I'm not even sure how this is a "problem" in a real sense, can you explain?
Identify has always been boring-as-all-hell. I've played since 1989 and no-one ever got excited about Identify, rather, it was a chore. It going away is not a bad thing. I'm sure there will be option rules to bring back the chores for those who need them, but I don't think the default situation should be "needless chores yay!".
I think the main purpose Identify served(at least for our group in 2e) was to move the dealing with loot from a dungeon to the end instead of constantly interrupting the dungeon to deal with the loot you found.

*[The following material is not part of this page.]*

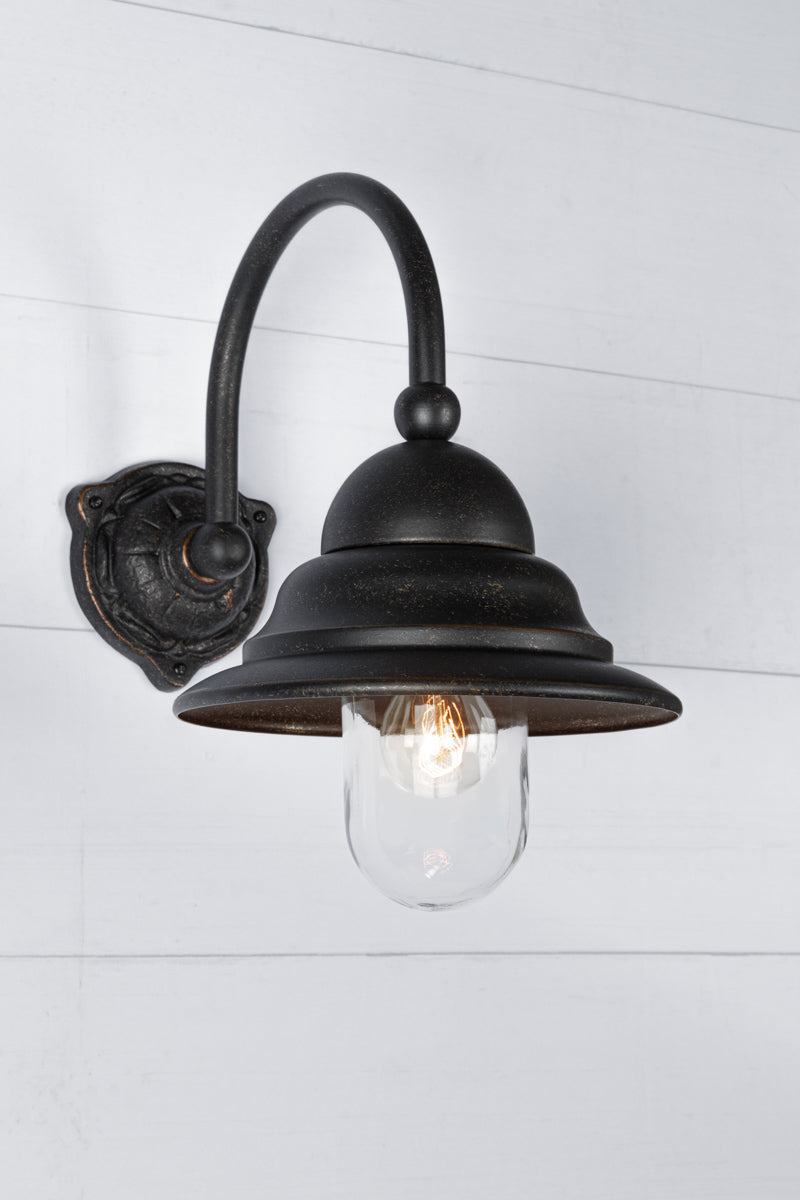 Bring nostalgic charm into your space with the Parkside Exterior Wall Light. This wall light evokes quintessential modern heritage design, and is reminiscent of the lights that illuminated old shopfronts and restaurants alike. Its metal construction is finished in antique bronze and includes a glass cover. Install either side of your balcony door, in a covered entrance or along a verandah.

So, if you found a magic ring of some sort, rather than risk it being cursed or randomly attempting to activating it hoping you could figure out its command word, we would put it in a sack and deal with it when we had enough spell slots to casts Identify on every item we found. Which generally meant when the dungeon was over and we could distribute loot.
When 4e came out and said you could identify one magic item each short rest, there was no longer a need for an Identify spell. However, it meant that there was a large discussion every time a magic item was found. Immediately everyone wanted to rest so they could know what the item was. Then, once the item was known, then began the discussion of who gets the item. Often, I'd have to ask "You guys are sitting around having this conversation right here? You pick up the sword and start saying 'I use long swords so I think I should use it', 'I use long swords too and mine is only +3, I could use a +4!'?"

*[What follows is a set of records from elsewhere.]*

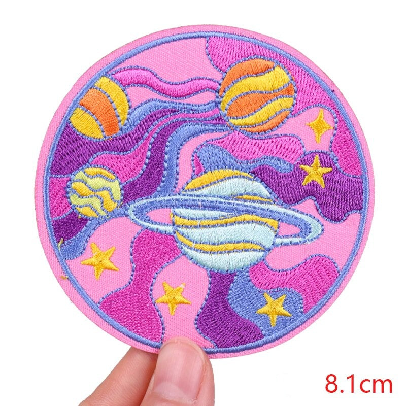 Turn some heads with our Cute 'Planets and Stars' Embroidered Patch! Our Cute 'Planets and Stars' Embroidered Patch is great for adding to denim jackets, bags, and more. Our Cute 'Planets and Stars' Embroidered Patch is made for the most demanding of necessities.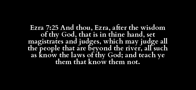 Ezra 7:25 And thou, Ezra, after the wisdom of thy God, that is in thine hand, set magistrates and judges, which may judge all the people that are beyond the river, all such as know the laws of thy God; and teach ye them that know them not.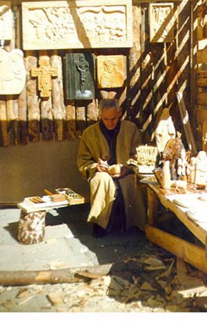 Józef Wiejacki urodził się w 1922 r. w Mesznej Opackiej – miejscowości położonej na Pogórzu Karpackim, w pobliżu znanego daleko poza Galicją sanktuarium w Tuchowie. Pamięć o tak wyjątkowym miejscu urodzenia wywarła równie silny wpływ na wybór życiowej drogi przyszłego rzeźbiarza jak stolarsko – rzeźbiarskie tradycje rodzinne. Przez całe życie potrzeba kształtowania drewna była mu równie bliska jak konieczność odkrywania prawd wiary, dialogu z Bogiem. Młodzieńcze próby rzeźbiarskie przerwała wojna. W tych tragicznych latach Józef Wiejacki podjął walkę w szeregach Batalionów Chłopskich. Po wojnie opuścił rodzinną Małopolskę i zamieszkał na ziemiach zachodnich, od 1947 roku w Małkowicach koło Kątów Wrocławskich. Do rzeźby powrócił w latach sześćdziesiątych i już wtedy pracę twórczą połączył z działaniem na rzecz lokalnego środowiska. Swoje rzeźby zawsze eksponował na wystawach o zasięgu ogólnopolskim, przekazywał je do zbiorów muzeów, prywatnych kolekcjonerów, ale z drugiej strony także do miejscowej parafii i szkół. Od lat prowadzi warsztaty z młodzieżą szkolną Małkowic, w razie potrzeby konserwuje rzeźby stanowiące wyposażenie miejscowego kościoła. Bierze udział w konkursach organizowanych przez muzea i w gminnych dożynkach. Jest w swej pracy, we wszystkich działaniach jednocześnie lokalny i uniwersalny.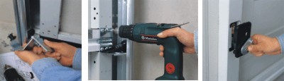 9. Boczne profile ramy przymocowujemy do ściany garażu przykręcając kątownik.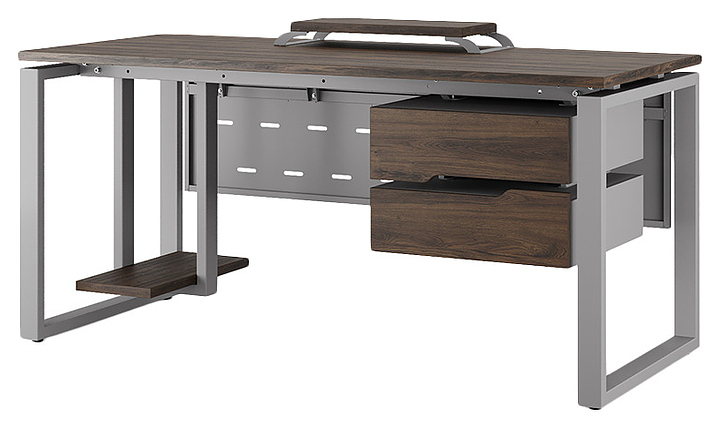 Офисный стол Кобор O1-140/80 aluminum/charlston используется в офисных помещениях и кабинетах руководителей. Модель оснащена O-образными опорами. Каркас выполнен из металла, выкрашенного в цвет алюминиевый металлик (RAL9006), столешница – из ламинированной древесно-стружечной плиты (ЛДСП) цвета дуб чарльстон (H3154 ST36). Опции (заказываются отдельно):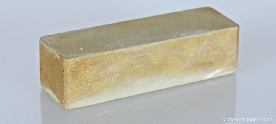 Nagura Dictum 1zu1Der synthetische Nagurastein fördert bei Schleifbeginn die Bildung von Schleifschlamm, welcher das Schliffbild satiniert. Dieser Matsunaga Nagurastein harmoniert gut als Anreiber mit feinen japanischen Wassersteinen. Daher ist er für Besitzer von feinen Wassersteinen ab 3000'er Körnung sinnvoll. Ich setze ihn gerne mit meinen 6000'er Wassersteinen ein, die ein wenig härter gebunden sind und von sich aus nicht schnell genug Schleifschlamm liefern, bzw. rutschige Stellen bekommen.

I have a feeling that now that short rests are an hour, I'm still going to have to deal with groups immediately wanting to rest for an hour in the dungeon each time they pick up an item. I hate parties taking hour long rests in a dungeon. Then again, when I try to stop them the result is always the same:
"We rest for an hour in this room?"
"Really? Right here, there's a door on the opposite side and you don't even know who or what is beyond it."
"Yeah, we barricade it with the table in the room. We know what's behind us...everything is dead back there."

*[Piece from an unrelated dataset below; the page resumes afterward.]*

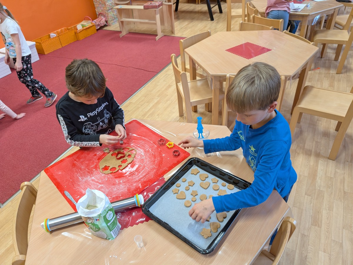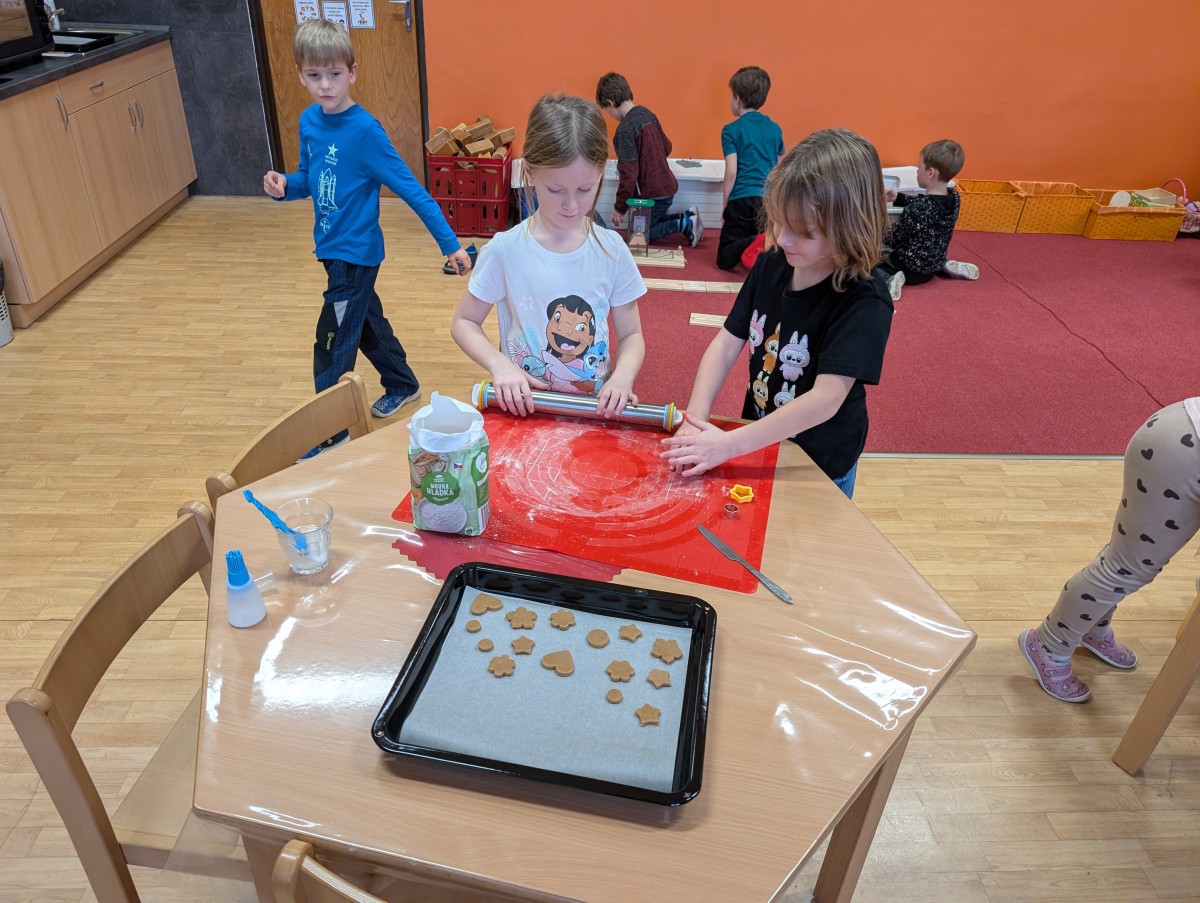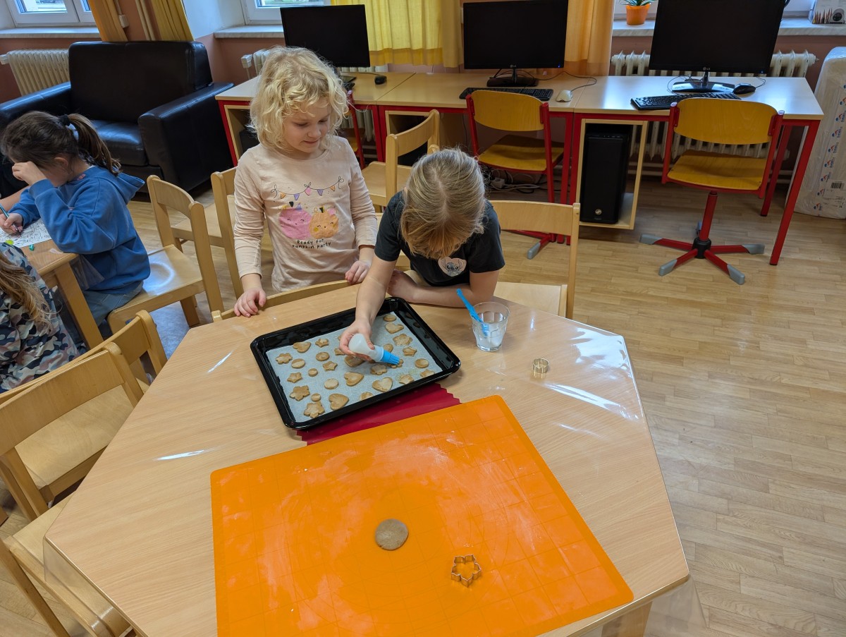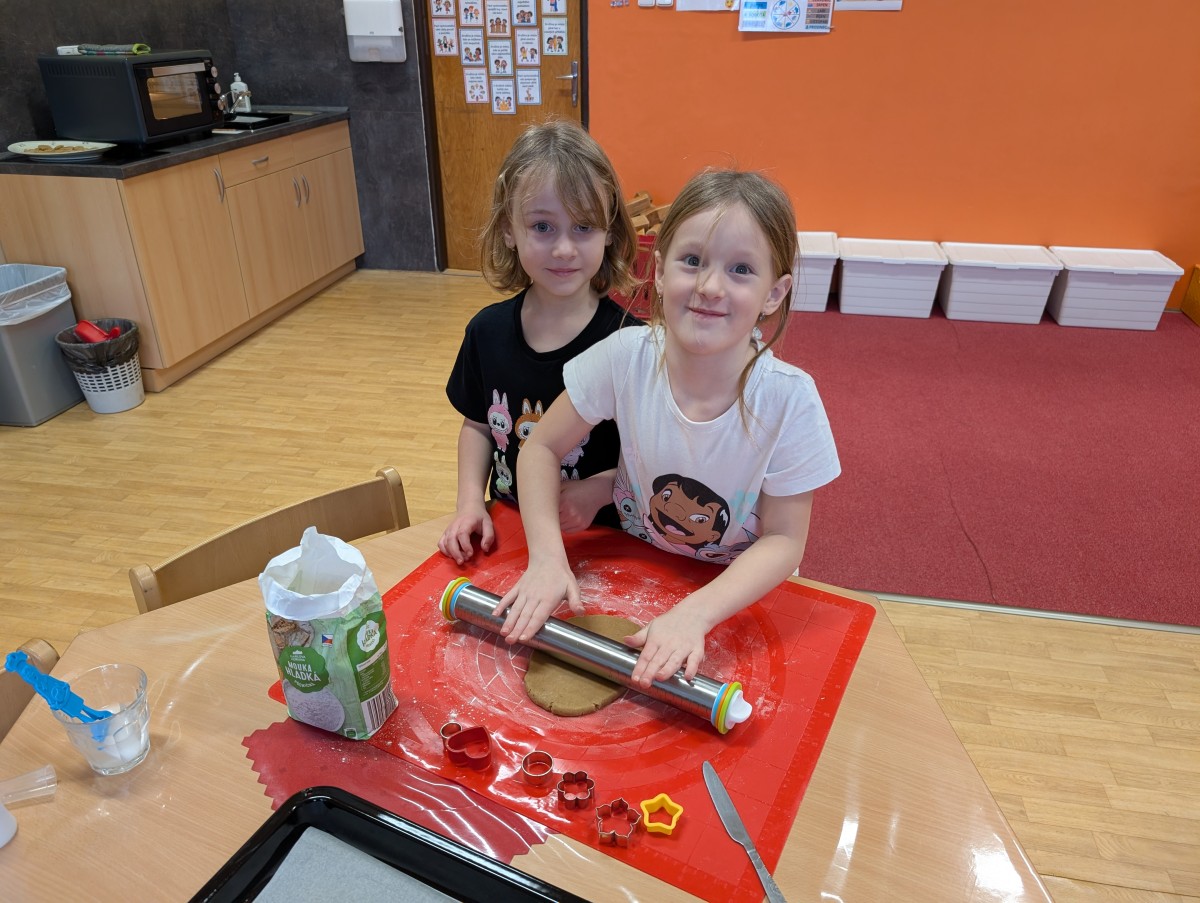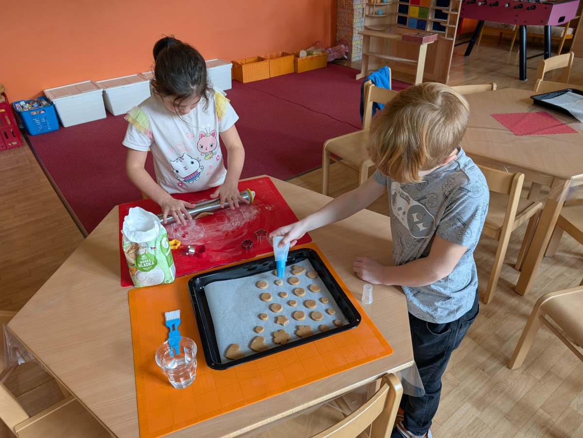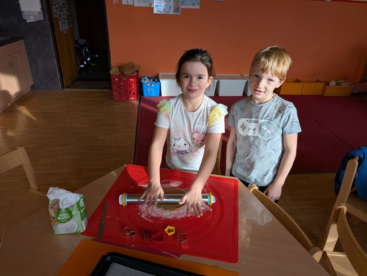 Ve školní družině se linula vůně perníčků a panovala radostná atmosféra. Děti z 1. třídy se s chutí pustily do pečení perníčků a zvládly téměř vše úplně samy. Od vykrajování až po přípravu plechů pracovaly s velkým nadšením, šikovností a pečlivostí. Děti pracovaly ve dvojicích, vzájemně si pomáhaly, domlouvaly se a krásně spolupracovaly. Bylo vidět, jak jsou samostatné a zručné, a že společná práce jim dělá radost. Jedinou pomoc poskytla paní vychovatelka při obsluze trouby, jinak děti zvládly celý proces samy. Velkou pochvalu si zaslouží také za to, že se nepřipálil ani jeden perníček. Výsledkem byly nejen voňavé a povedené dobroty, ale i krásný zážitek, na který budou děti dlouho vzpomínat.

"Ok...fine, after 5 minutes, bashing begins at the door, they burst it inwards, roll for initiative."
"We kick their butts, just a bunch of Orcs...no big deal."
"Ok, you win the fight, what do you do now?"
"We go back to resting, we didn't finish identifying the item we found."
"Really? Again? You were attacked the last time."
"Yeah, but I assume everyone who was within earshot has already shown up, we should be fine now."
"About 10 minutes later, a patrol happens upon you. Roll for initiative."
"We beat them too, just some more Orcs."
"Sigh...I guess I shouldn't ask but what are you doing now?"
"We continue our rest of course..."
On an unrelated note, I can't remember which editions, but I think 2e and 3e both said that "some items can hide their true properties, even from an identify spell". Most cursed items said "This item appears to be X". I've never assumed that Identify could determine if a cursed item was cursed.